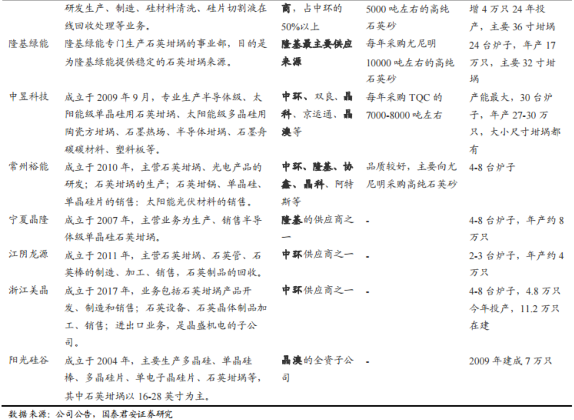 由于石英坩埚在拉制晶棒环节的重要作用,导致下游企业通常只会选取少数石英坩埚供应商为其供货,石英坩埚行业仅有少数几家企业分享到下游行业产能扩充的红利,国内石英坩埚市场份额较大的主要是欧晶科技、隆基绿能、中昱科技这3家企业,其他企业规模总体较小。
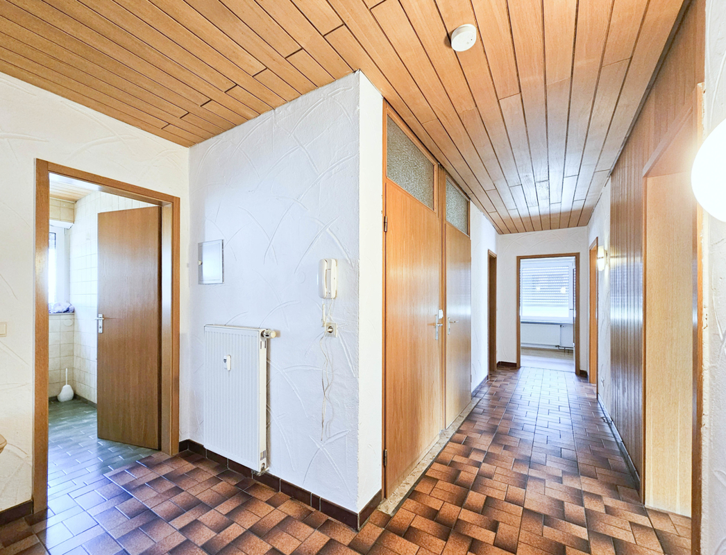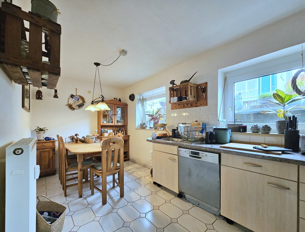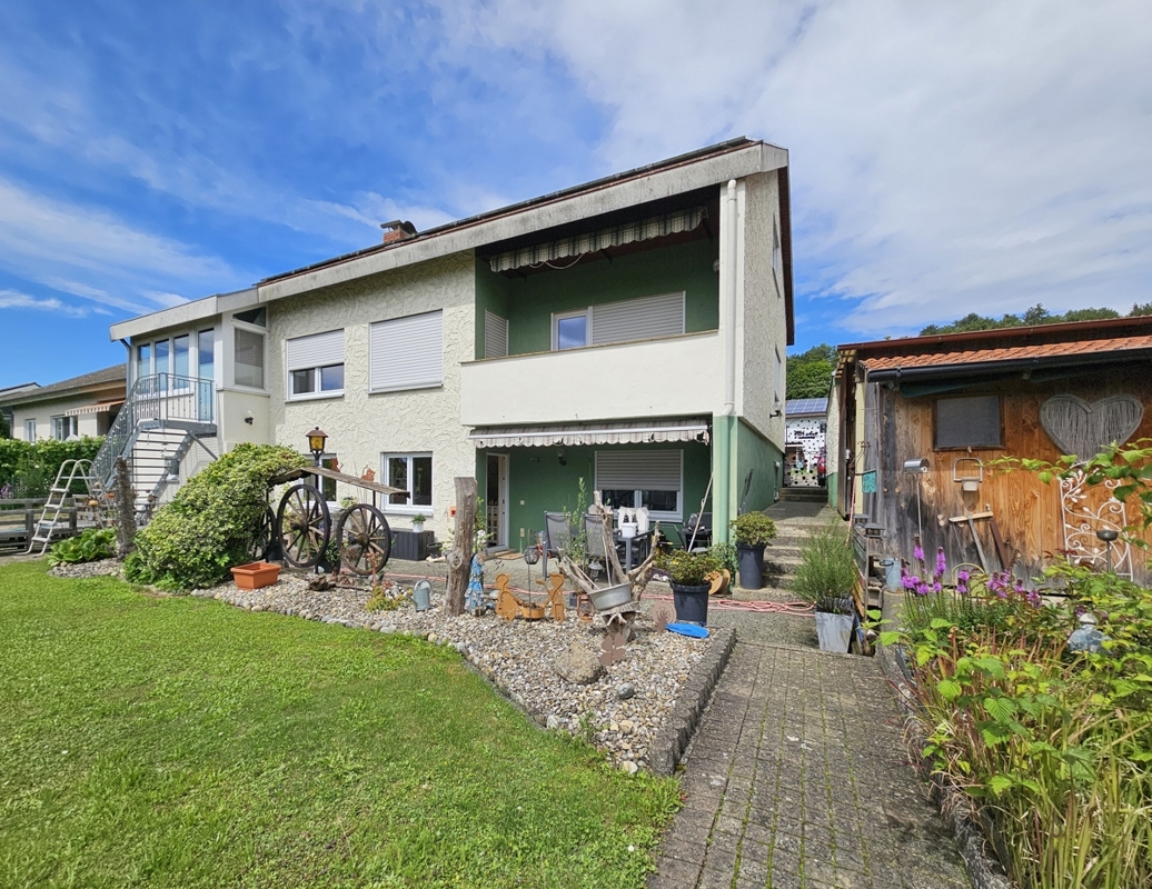Das im Jahr 1975 erbaute und 1980 erweiterte Haus befindet sich in einem sehr gepflegten Zustand durch kontinuierliche Modernisierungen. Dank der soliden Dämmung – 5 cm Styropor an allen Decken im Unter- und Erdgeschoss sowie 5 cm Styropor plus 19 cm Glaswolle im Dach – überzeugt das Gebäude auch in energetischer Hinsicht. Zwei der drei Wohneinheiten, im Gartengeschoss und im Dachgeschoss, sind aktuell vermietet und sorgen für zusätzliche Mieteinnahmen. Die Hauptwohnung im Erdgeschoss ist aktuell frei beziehbar und überzeugt mit großzügigem Wohnkomfort. Der 1998 zu einem Wintergarten ausgebaute Freisitz schafft ein lichtdurchflutetes Wohngefühl und bietet über eine Außentreppe direkten Zugang in den liebevoll angelegten Garten. Dieser lädt mit gepflegten Rasenflächen, schattigen Plätzchen und viel Raum zum Spielen, Entspannen und Genießen ein.
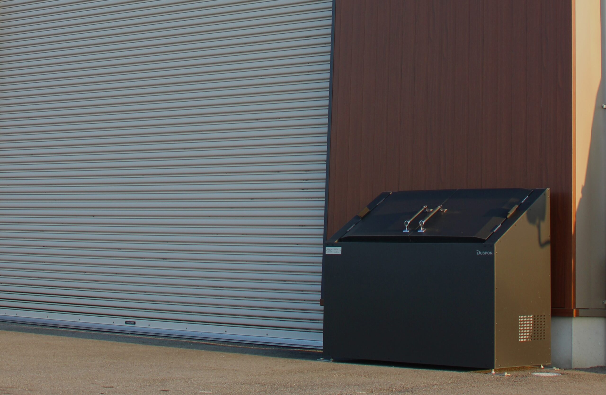 ダスポン設置前は工場内に乱雑にゴミ袋が置かれており、視界に入るのが嫌でゴミをきちんと置いておきたいと思い、2024年4月にダスポン DSシリーズを導入されました。ダスポン DSシリーズは、地区や集合住宅など、多くの方々の利用に耐えうる収納力を備えたゴミステーションです。トルクヒンジを装備しているので、一定の角度で扉を固定。扉を全開にしたり、扉を片手で抑えたりする手間がなく、安全に使用できます。
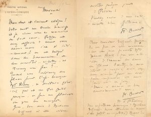 sa partition le jour qu’il a eu cette terrible attaque dont il est mort ; de plus je la connais par cœur » ; il l’apportera à Paris avant d’aller à Toulouse où on doit jouer sa Cantate. 3 juillet 1895 : il annonce son mariage. 21 juillet 1896 : on doit donner son Ouverture de Fête à l’Institut, mais on lui conseille de remplacer la flûte solo par un violon solo : il demande de la faire entendre « au plus parfait des chefs d’orchestre, et de soumettre le passage en question à l’éminent flûtiste »…Mai 1902, à propos de Pelléas et Mélisande de Debussy : « Pelléas est assez difficile à mener sans accroc, mais c’est si intéressant ! On est baigné dans des harmonies et des sonorités … violettes… ne trouvez-vous pas ?»… Félicitations, demandes de places, recommandations… On joint 2 brouillons de réponse de Taffanel à Büsser au sujet du Requiem de Gounod.
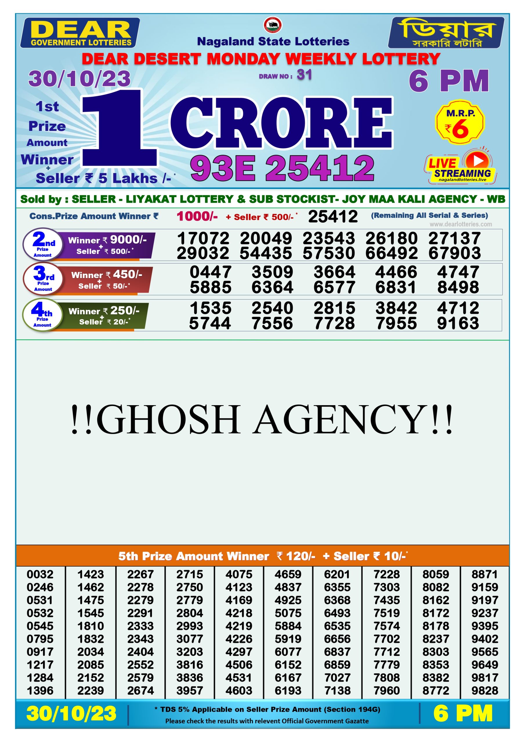 Nagaland State Dear Daily Lottery 30-Oct-2023 6PM Draw Result
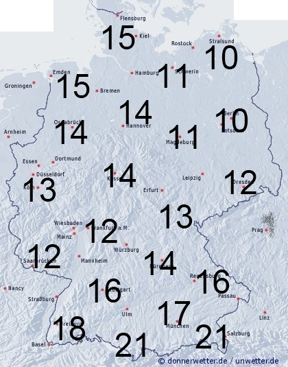 In Deutschland kommt es immer wieder zu teils schauerartigen Niederschlägen, die oberhalb von 400 bis 700 m auch in Schnee übergehen können. Sonst entsteht Benetzung durch Tau- oder Reifbildung. Die Benetzungsdauer liegt allgemein zwischen 10 und 16 Stunden, wobei es in Gebieten des Nordostens auch längere Zeit niederschlagsfrei bleiben kann. Dafür werden im Alpenvorland 17 bis 21 Stunden erreicht.
• • •
**WHAT IS EXPECTED**
Exactly as written, give again every line from the one containing "Nagaland State Dear" through the last line of the material, both included, with the pictures left out.

**FINISHED EXERCISE**
 Nagaland State Dear Daily Lottery 30-Oct-2023 6PM Draw Result
 In Deutschland kommt es immer wieder zu teils schauerartigen Niederschlägen, die oberhalb von 400 bis 700 m auch in Schnee übergehen können. Sonst entsteht Benetzung durch Tau- oder Reifbildung. Die Benetzungsdauer liegt allgemein zwischen 10 und 16 Stunden, wobei es in Gebieten des Nordostens auch längere Zeit niederschlagsfrei bleiben kann. Dafür werden im Alpenvorland 17 bis 21 Stunden erreicht.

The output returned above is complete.